DESCRIPTION (provided by applicant): The proposed study is designed to determine how distinct subsets of melanocyte stem cells (MSCs) we have identified are regulated and maintained in the stem cell state and contribute to pigment regeneration. The rationale for the study is based upon our discovery that MSCs not only populate a region of the murine hair follicle (HF) termed the bulge, also the site of keratinocyte stem cells (KcSCs) of the HF, but also the secondary hair germ (SHG), a transient structure at the base of the telogen, or resting, HF adjacent to the dermal papilla. Our laboratory has developed methods to separate and study these two cell subsets in the viable state using a combination of a unique transgenic mouse system and fluorescence-activated cell sorting (FACS).The objectives of our studies are to determine which of these MSC subsets has greater regenerative potential, and to describe the interrelationship between and maintenance determinants of these distinct subsets. To realize this objective, we plan to test in vitro and in vivo the capacity of these cell subsets to self-renw, maintain quiescence, and also regenerate pigmentation in previously unpigmented living HFs. These studies will be accomplished a unique, bitransgenic mouse line we have developed, Dct-H2BGFPki, in combination with the FACS facility and other core resources associated with my research laboratory located in the Department of Biochemistry and Molecular Biology at the University of Maryland School of Medicine. The results of these studies should have a positive impact on the health care of the general public. By determining which murine MSC subsets are most effective at regenerating pigmentation, we will be able to apply that knowledge to human melanocytes, isolating or generating human cells with potent regenerative properties. These cells can be developed to treat patients with the depigmenting disease vitiligo or for regenerating pigmentation in healing wounds or scars. In addition, stem cells are related to cancer because genes repressed epigenetically in stem cells are more likely to be suppressed in the corresponding cancer cell type. By determining the epigenetic state of key melanocyte and growth genes in MSCs, we may highlight molecular mechanisms leading to irreversible gene repression in melanoma developing, thereby revealing how particular cells of origin contribute to the development of this particular malignancy.

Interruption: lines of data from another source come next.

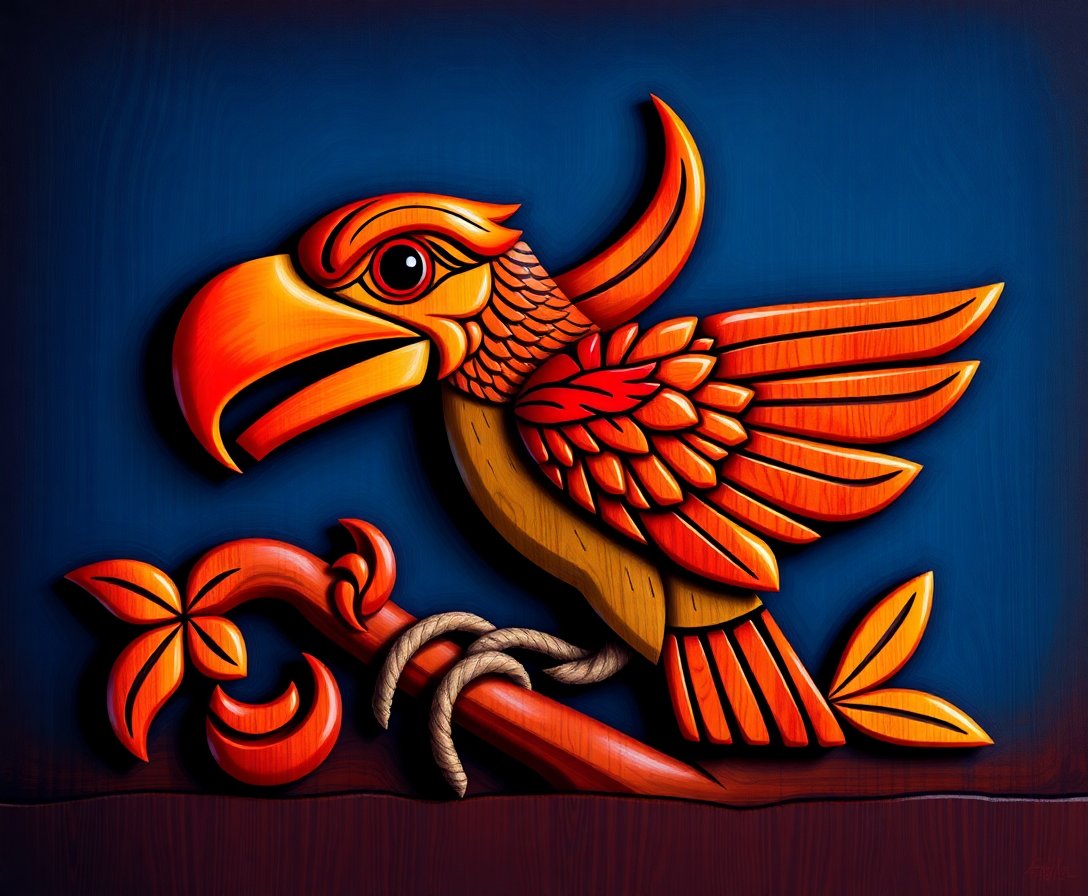 The authentic Polynesian bird carving motif features traditional tribal patterns in elegant sepia tones. This design celebrates ancient craftsmanship while providing a modern creative experience.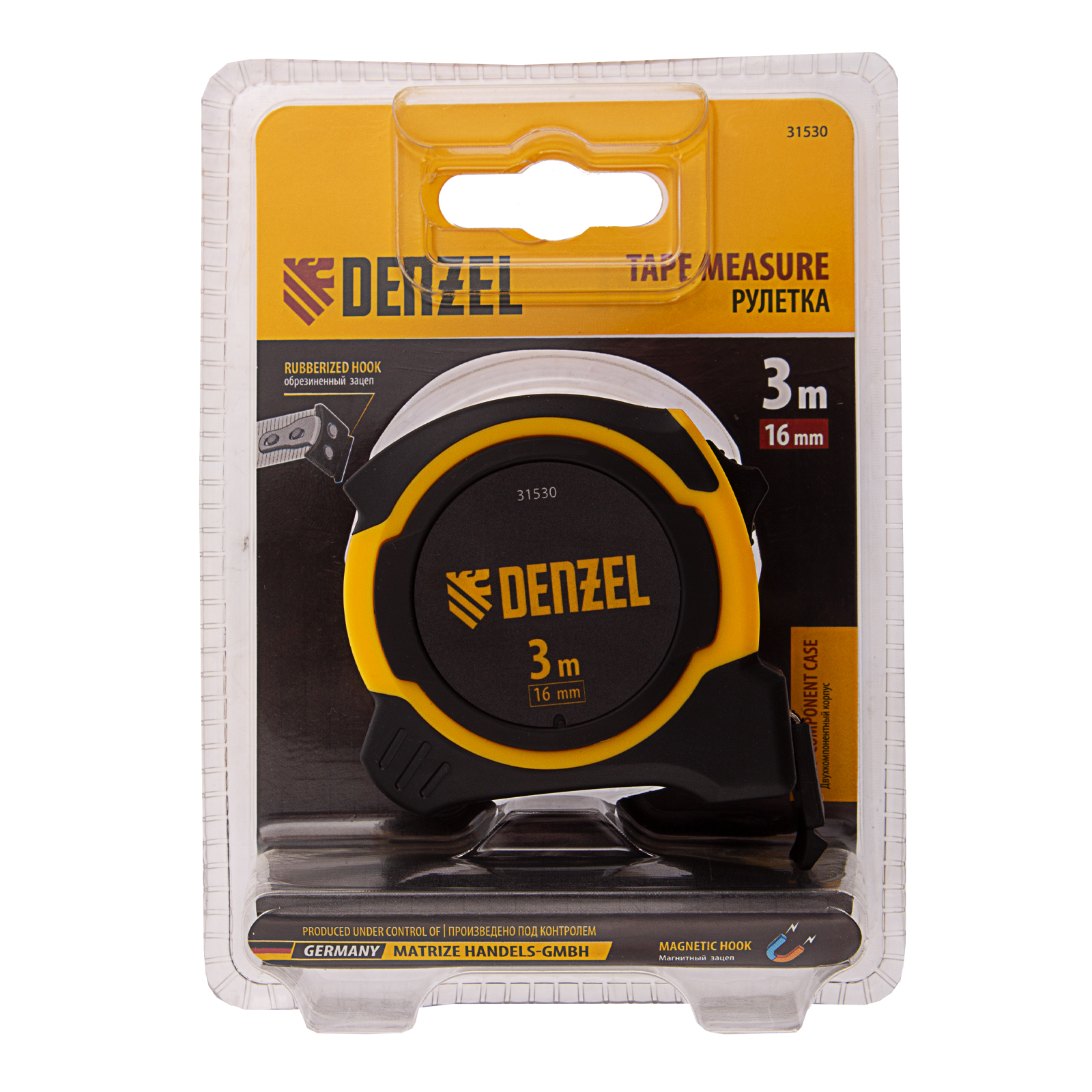 Рулетка 3м х 16мм, двухкомп. корпус, магнитный обрезиненный зацеп Denzel в Москве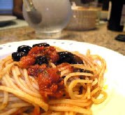 Когда у меня нет времени на приготовление полноценного обеда или ужина, итальянская кухня приходит мне на помощь :) Одно из моих любимых блюд из разряда "быстро, просто и вкусно" - это спагетти с оливками и помидорами. Минимум возни, минимум времени - и очень достойный результат. Попробуйте приготовить спагетти с оливками и помидорами сами - вам обязательно понравится это легкое блюдо ;)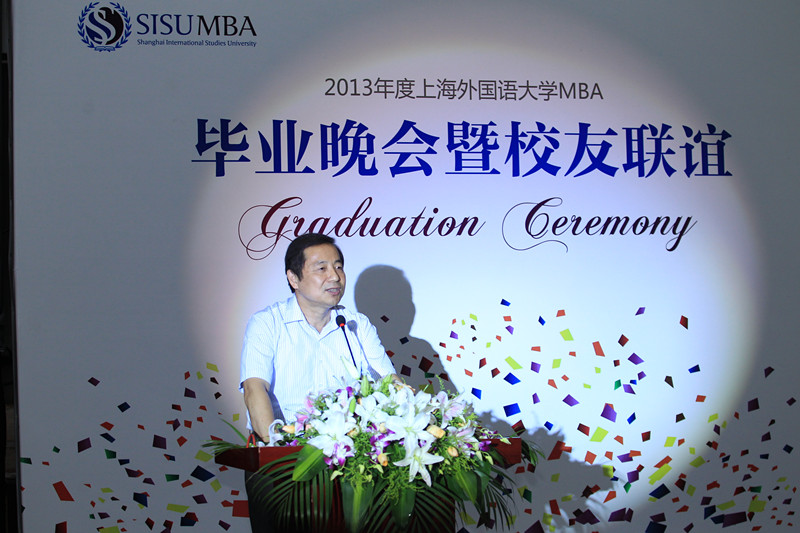 7月27日晚,2013年度MBA毕业晚会暨校友联谊活动在上外虹口校区逸夫会堂举行。校长曹德明、副校长冯庆华、张峰、周承及部分相关院系和部处领导以及部分企业嘉宾出席了晚会。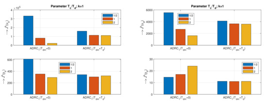 Wight of the speed of the transients expressed in terms of the IAE values will be denoted by the parameter k. Next, we will compare these four parameters for two different values and .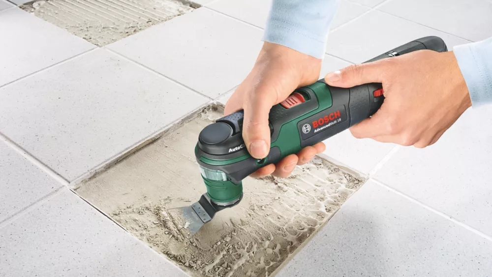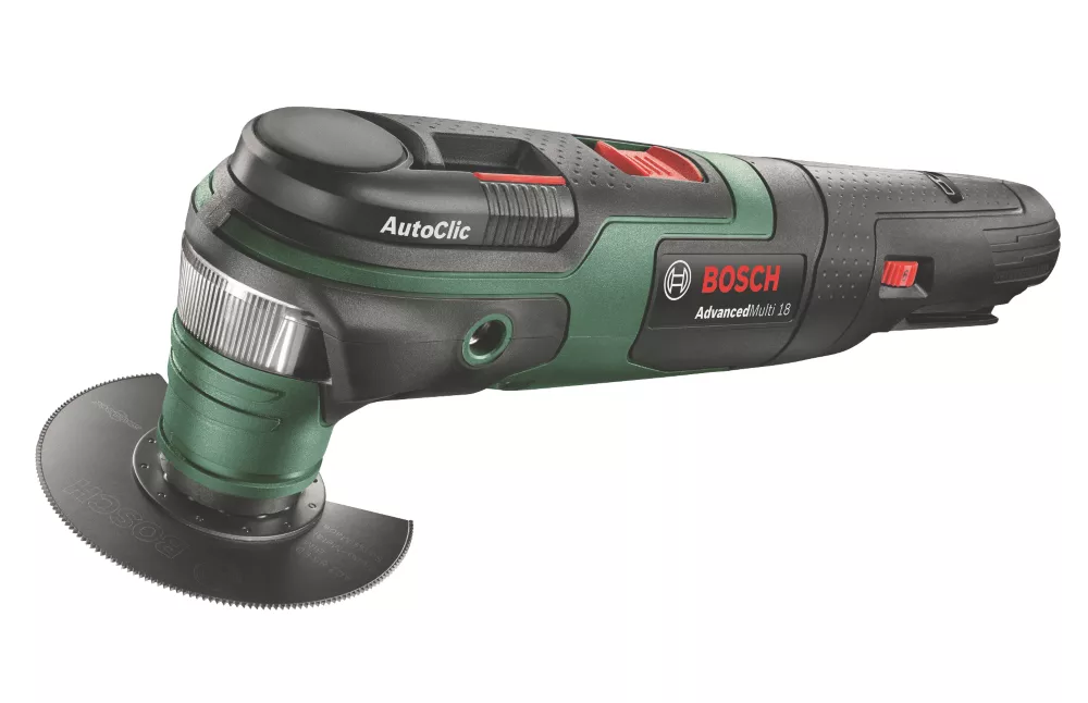 Versatile, 18V multifunction oscillating tool for a wide range of DIY projects. Features powerful motor and electronic speed preselection, enabling speeds to be matched to the needs of each job and material. Bosch AutoClic allows easy, keyless 3-second accessory changes and the 180° light band provides consistent illumination. Compatible with a range of optional Starlock accessories to cover a multitude of applications. Suitable for cutting, sawing, sanding, scraping, routing, and polishing on wood, metal, plastic, plasterboard, grout, and mortar. Part of the Bosch Green Power for All alliance system, where an 18V battery can operate a large variety of tools from different brands (battery sold separately).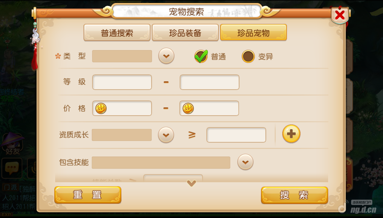 和珍品装备搜索略有不同,珍品宠物搜索最重要的实际上就是包含技能以及技能总数两个要点上,前者决定了宠物自身是法宠、血宠还是攻宠,而后者则决定了这只宠物未来的成长空间。所以除了必填项,笔者建议你也将这两项填进去,再决定是否要填其他项目。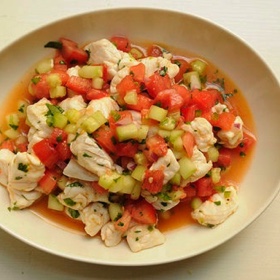 This is, or should be, a staple of grown-up summer vacation. It's a great way to make use of super-freshness: fish, tomatoes, and watermelon, especially. It's light and refreshing, and it keeps remarkably well in the fridge for a day or two. The watermelon is the surprise here, and it just piles on the summeriness, contrasting well, especially, if you turn up the jalopeño heat.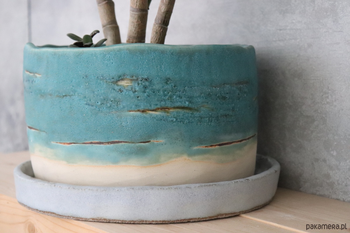 Doniczka wykonana z grubego płata jasnej gliny, częściowo pokryta niebieskim szkliwem z czarnymi smugami. Podstawka pokryta w całości jasnoszarym szkliwem z przebarwieniami.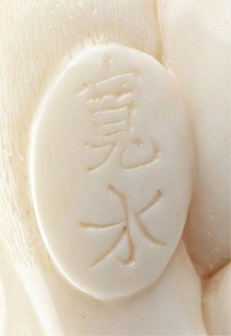 By Kansui, Tokyo, Mid 20th century. Eyes are double-inlaid in horn with black pupils, highly polished. Signed on the underside in a raised oval tablet, Kansui. 1 3/4in (4.3cm).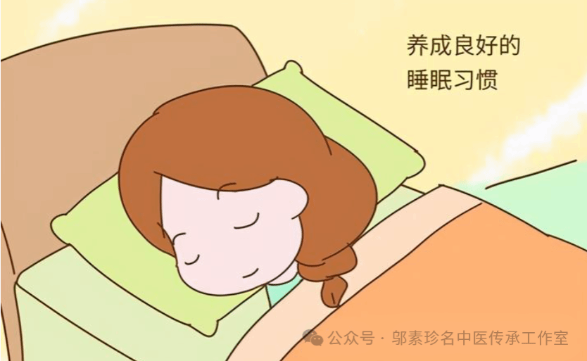 作息调摄:尽量保持作息规律,保证有充足的睡眠。凌晨1~3时是肝经运行的时间,肝藏血,肝经血旺才能推陈出新,疏泄有时。此外,房劳过度和产育过多可耗伤肾中精气,故应房事有节,使其封藏有责。

描述(申请人提供)：这项拟议的研究旨在确定我们已经鉴定的黑素细胞干细胞(MSCs)的不同亚群如何被调节和维持在干细胞状态，并有助于色素再生。这项研究的基本原理是基于我们的发现，间充质干细胞不仅分布在小鼠毛囊(HF)中称为隆起的区域，也是毛囊的角质形成干细胞(KcSCs)的位置，而且还存在于次级毛胚(SHG)，这是一种位于毛乳头附近的端原或静止毛囊的临时结构。我们的实验室利用独特的转基因小鼠系统和荧光激活细胞分选(FACS)相结合的方法来分离和研究这两个存活状态的细胞亚群。我们研究的目的是确定这些MSC亚群中哪些具有更大的再生潜力，并描述这些不同亚群之间的相互关系和维持决定因素。为了实现这一目标，我们计划在体外和体内测试这些细胞亚群自我更新、保持静止的能力，并在以前未着色的活体HFs中再生色素沉着。这些研究将由我们开发的独特的双转基因小鼠品系DCT-H2BGFPki与FACS设施和其他核心资源相结合来完成，这些资源与我位于马里兰大学医学院生物化学和分子生物学系的研究实验室相关。这些研究的结果应该会对普通公众的医疗保健产生积极的影响。通过确定哪些小鼠MSC亚群在再生色素沉着方面最有效，我们将能够将这一知识应用于人类黑素细胞，分离或产生具有强大再生特性的人类细胞。这些细胞可以用来治疗正在脱色的白癜风患者，或者在愈合的伤口或疤痕中再生色素沉着。此外，干细胞与癌症有关，因为在干细胞中表观遗传抑制的基因更有可能在相应的癌细胞类型中被抑制。通过确定MSCs中关键黑素细胞和生长基因的表观遗传状态，我们可以揭示导致黑色素瘤发生发展中不可逆转基因抑制的分子机制，从而揭示特定来源的细胞如何促进这种特定恶性肿瘤的发展。